The pessimistic experts argue while there’s sweeping success in the application of Deep Neural Networks, the paths towards AGI have been rarely walked on. They emphasize the missing ability to generalize from few examples, to transfer skills among different domains and to derive causal relationship from environmental observations, namely from unsupervised learning. The representatives of the optimistic section on the other hand argue that AI progress is exponential. Supposing a direct link between ANI and AGI, the progress towards AGI is underway. Whereas the pessimistic experts assume new systems and architectures besides supervised Deep Learning to be required to stride ahead, the optimists evaluate that Deep Neural Networks are the key towards achieving AGI — after all, human intelligence is based on neural networks, too.
“I think the rise of Deep Learning was unfortunately coupled with false hopes and dreams of a sure path to achieving AGI, and I think that resetting everyone’s expectations about that would be very helpful.”
— Andrew Ng, 2018
I personally think neural networks will play a major role on the path towards AGI as a low-level component. But to branch off a targeting AGI development from the ANI development, a serious effort is required to develop architectures that aim to solve the aforementioned problems. The progress of ANI during the last 10 years focused mainly on gathering quick wins. To move forward to AGI, there will probably be a lot of developments without any short- and mid-term return on investment, what raises the entry barrier to invest in AGI development.
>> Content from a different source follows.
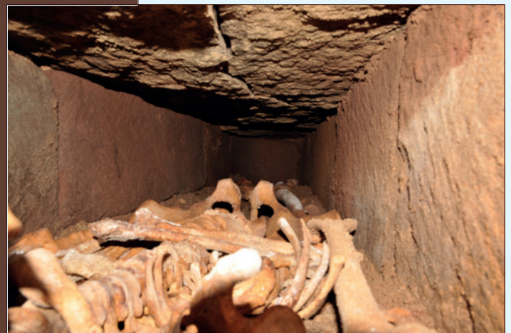
Volume intérieur de la sépulture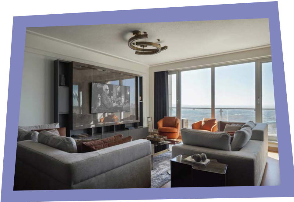
ESK Evi

Dangers and risks of an intelligence beyond AGI
Therefore it’s extremely important to democratize the development of AI. One step into the right direction was made with the founding of OpenAI as a platform to develop a friendly AI to benefit humanity as a whole. One of the co-founders of OpenAI is Elon Musk. His participation becomes understandable when considering Musk’s statement in 2014 that AI is “the biggest existential threat”. The question if a neutrally designed AI system is likely to harm mankind is almost part of a philosophical discourse. The greater risk of an AI to be an existential threat to humanity seems rather to be a human itself with an evil intent setting up a hostile AI. The more important it is to integrate as many parts and groups of the society into the progress of AI. The failure tolerance is low as MIT professor Max Tegmark emphasizes:
“When we got fire and messed up with it, we invented the fire extinguisher. When we got cars and messed up, we invented the seat belt, airbag, and traffic light. But with nuclear weapons and AI, we don’t want to learn from our mistakes. We want to plan ahead.”